#### TASK MATERIAL
#####

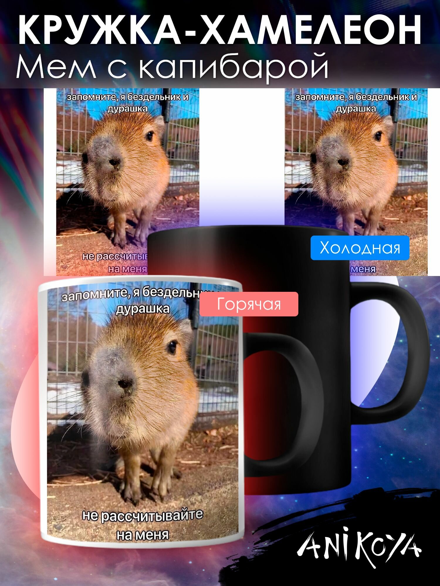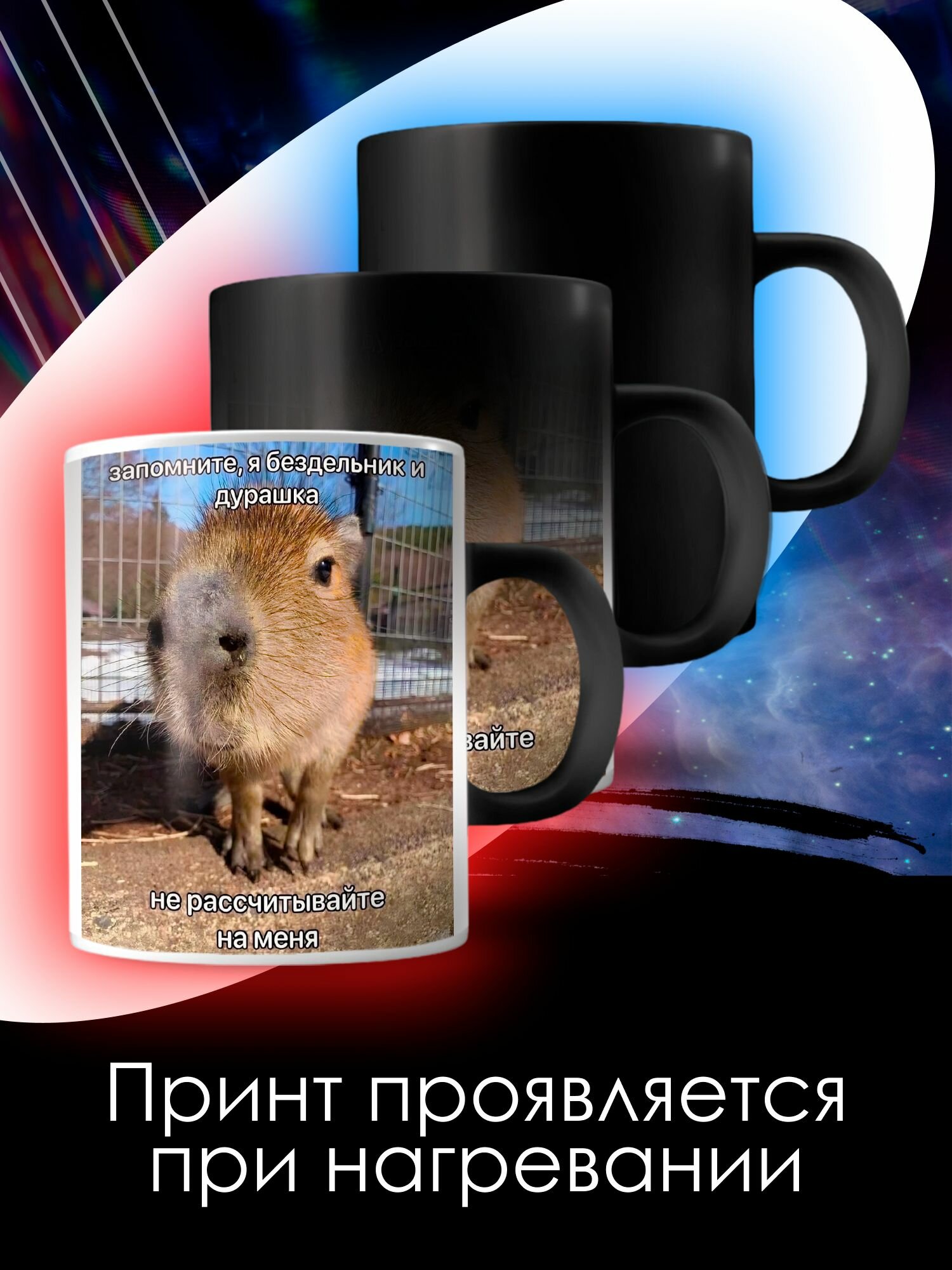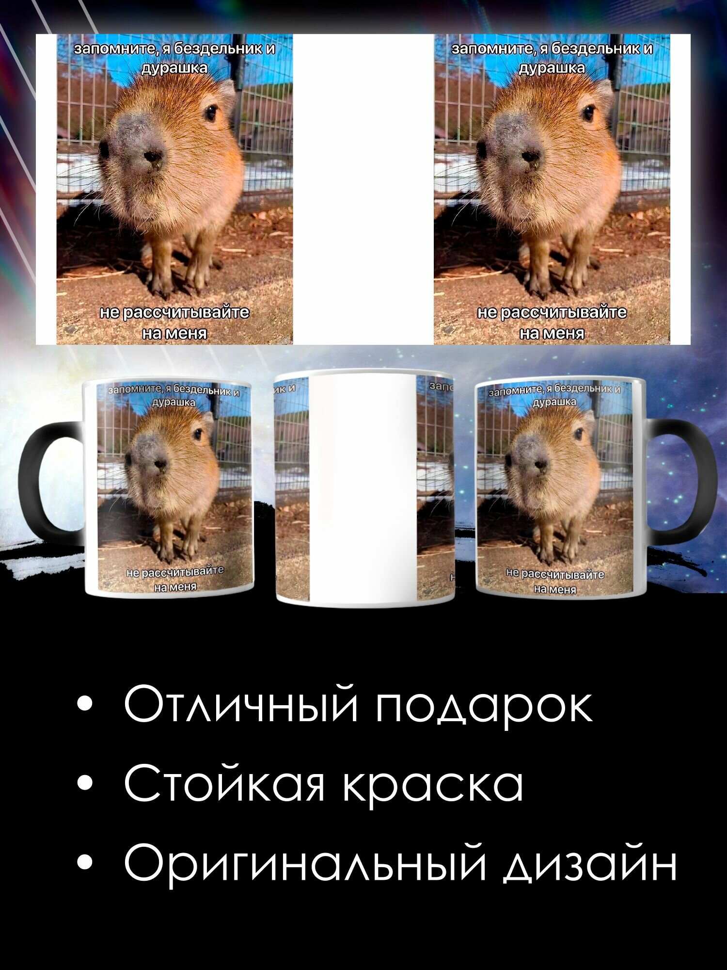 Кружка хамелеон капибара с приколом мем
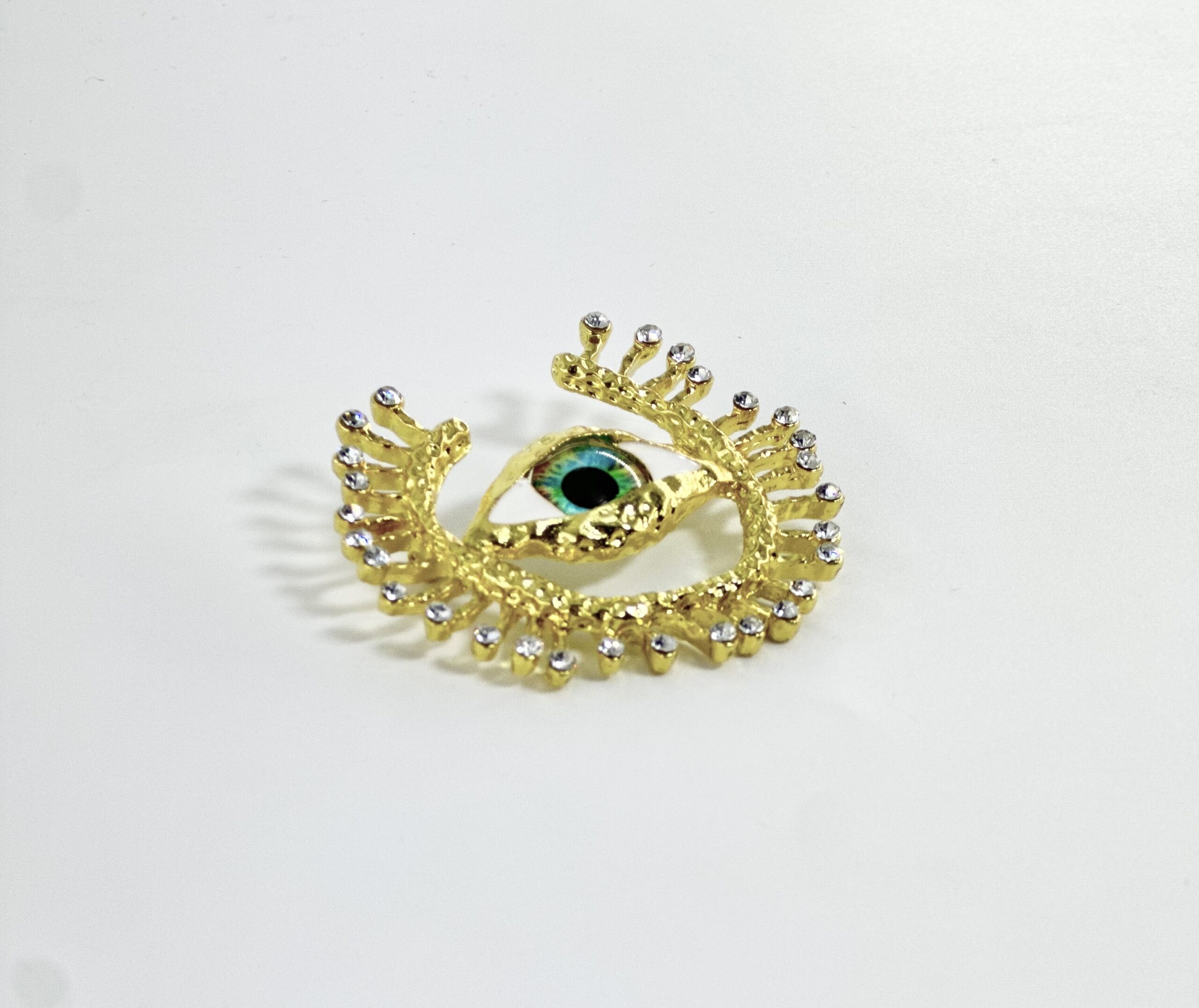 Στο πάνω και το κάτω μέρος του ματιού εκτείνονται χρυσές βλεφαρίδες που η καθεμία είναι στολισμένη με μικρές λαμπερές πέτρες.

#####

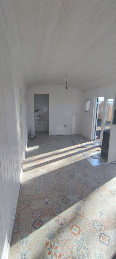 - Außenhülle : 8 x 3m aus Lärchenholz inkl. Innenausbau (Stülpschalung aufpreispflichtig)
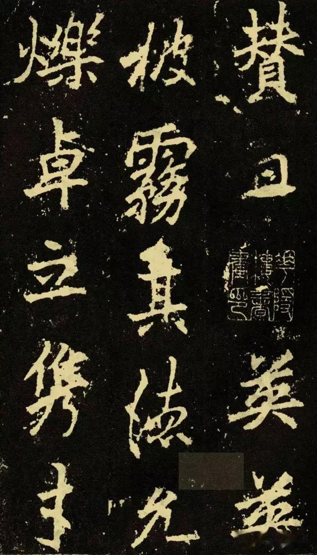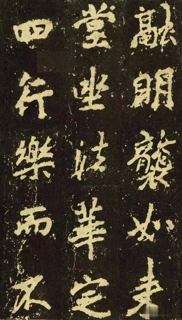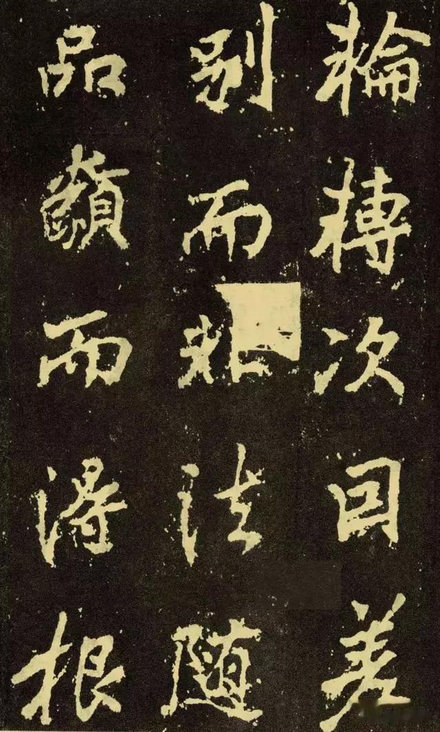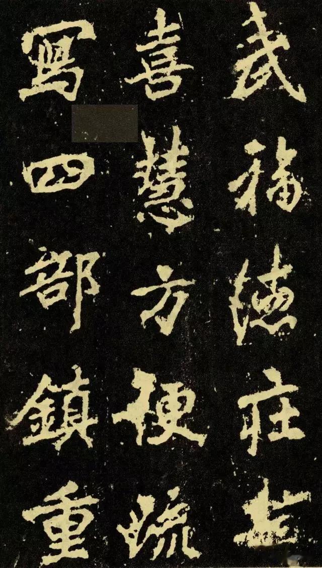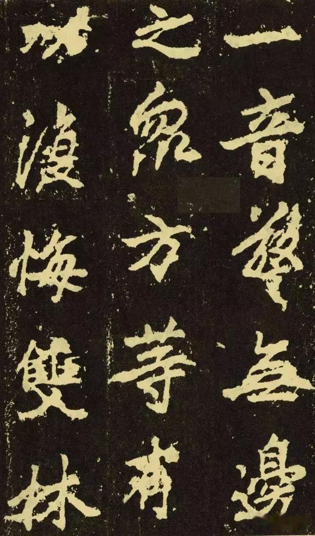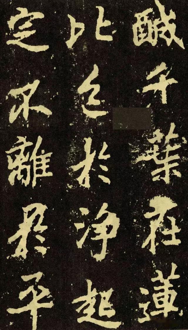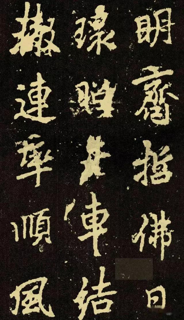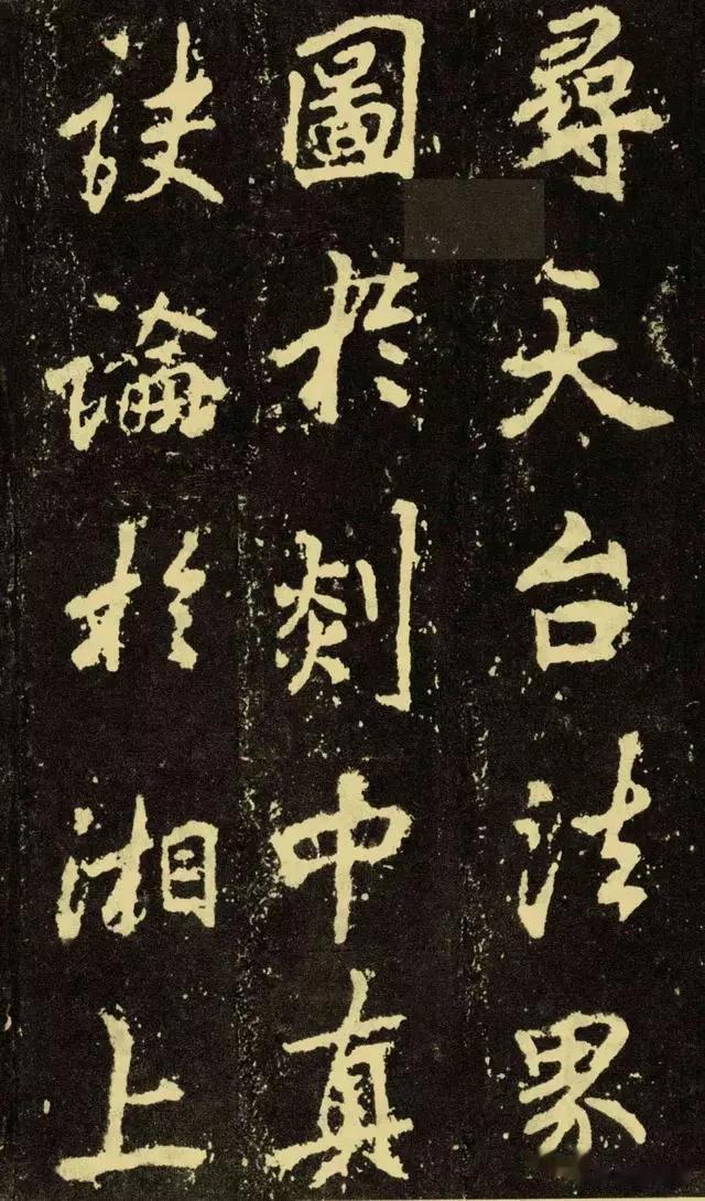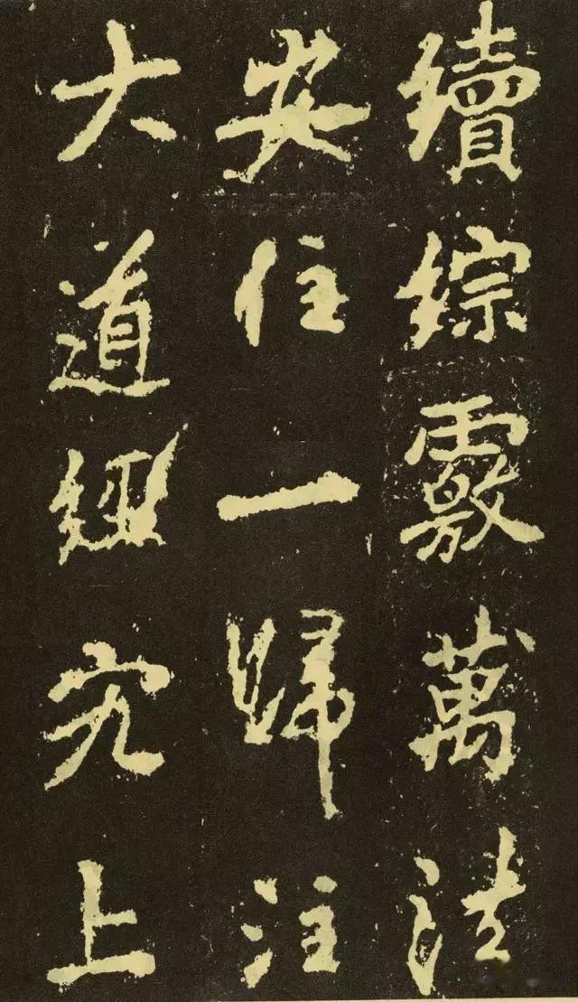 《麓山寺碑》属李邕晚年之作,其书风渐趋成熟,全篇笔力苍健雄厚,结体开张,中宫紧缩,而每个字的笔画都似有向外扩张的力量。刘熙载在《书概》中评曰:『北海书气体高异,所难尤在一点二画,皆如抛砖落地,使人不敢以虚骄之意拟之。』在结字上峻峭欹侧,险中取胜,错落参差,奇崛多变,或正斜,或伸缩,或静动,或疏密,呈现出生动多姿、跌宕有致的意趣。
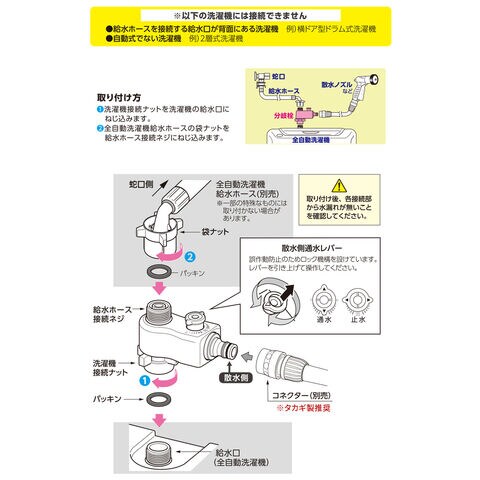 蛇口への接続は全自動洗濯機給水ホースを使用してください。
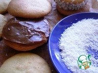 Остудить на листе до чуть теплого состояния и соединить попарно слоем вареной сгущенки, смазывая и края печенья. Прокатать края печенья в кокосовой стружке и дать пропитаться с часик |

#####

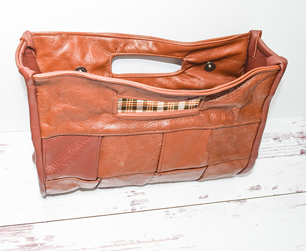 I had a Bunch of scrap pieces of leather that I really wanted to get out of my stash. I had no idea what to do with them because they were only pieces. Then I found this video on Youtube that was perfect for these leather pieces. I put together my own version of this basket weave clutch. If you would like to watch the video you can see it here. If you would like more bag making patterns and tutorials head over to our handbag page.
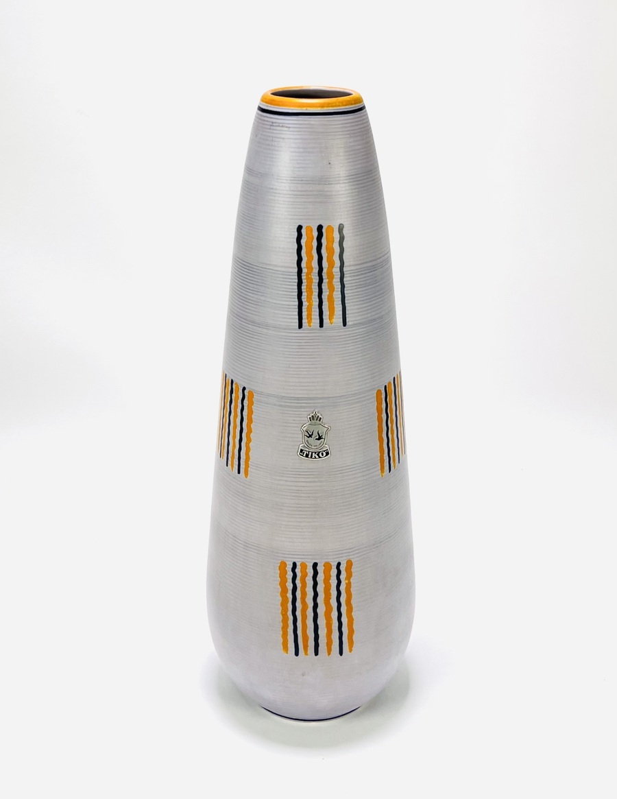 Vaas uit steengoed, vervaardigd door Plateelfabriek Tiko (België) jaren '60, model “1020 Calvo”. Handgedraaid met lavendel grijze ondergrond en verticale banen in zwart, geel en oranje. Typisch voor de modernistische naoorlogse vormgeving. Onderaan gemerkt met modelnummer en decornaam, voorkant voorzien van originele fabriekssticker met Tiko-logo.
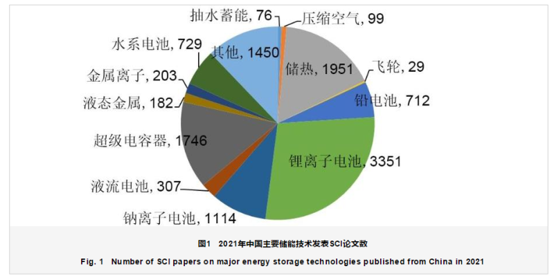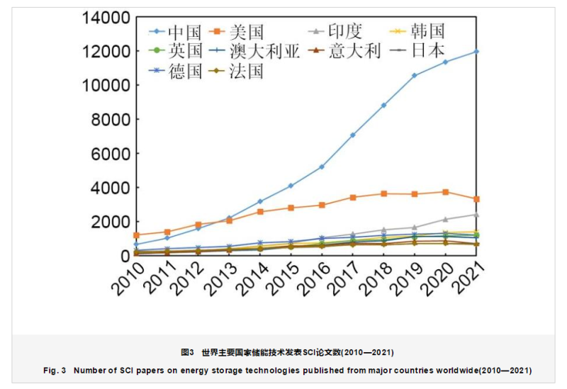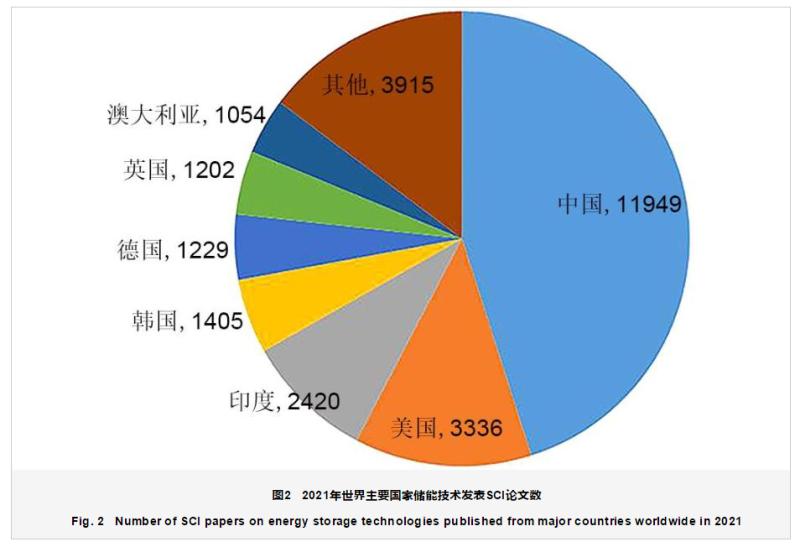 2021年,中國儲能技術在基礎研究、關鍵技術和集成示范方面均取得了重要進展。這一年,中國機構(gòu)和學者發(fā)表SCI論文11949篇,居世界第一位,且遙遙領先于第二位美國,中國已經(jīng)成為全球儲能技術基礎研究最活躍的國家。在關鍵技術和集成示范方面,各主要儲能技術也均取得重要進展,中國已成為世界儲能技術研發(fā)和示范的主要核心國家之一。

#####

#### WHAT NEEDS TO BE DONE
Print the line above containing "- Außenhülle : 8", the line containing "Остудить на листе", and everything between them, exactly as written. Pictures stay out.

#### EXERCISE ANSWER
 - Außenhülle : 8 x 3m aus Lärchenholz inkl. Innenausbau (Stülpschalung aufpreispflichtig)
 《麓山寺碑》属李邕晚年之作,其书风渐趋成熟,全篇笔力苍健雄厚,结体开张,中宫紧缩,而每个字的笔画都似有向外扩张的力量。刘熙载在《书概》中评曰:『北海书气体高异,所难尤在一点二画,皆如抛砖落地,使人不敢以虚骄之意拟之。』在结字上峻峭欹侧,险中取胜,错落参差,奇崛多变,或正斜,或伸缩,或静动,或疏密,呈现出生动多姿、跌宕有致的意趣。
 蛇口への接続は全自動洗濯機給水ホースを使用してください。
 Остудить на листе до чуть теплого состояния и соединить попарно слоем вареной сгущенки, смазывая и края печенья. Прокатать края печенья в кокосовой стружке и дать пропитаться с часик |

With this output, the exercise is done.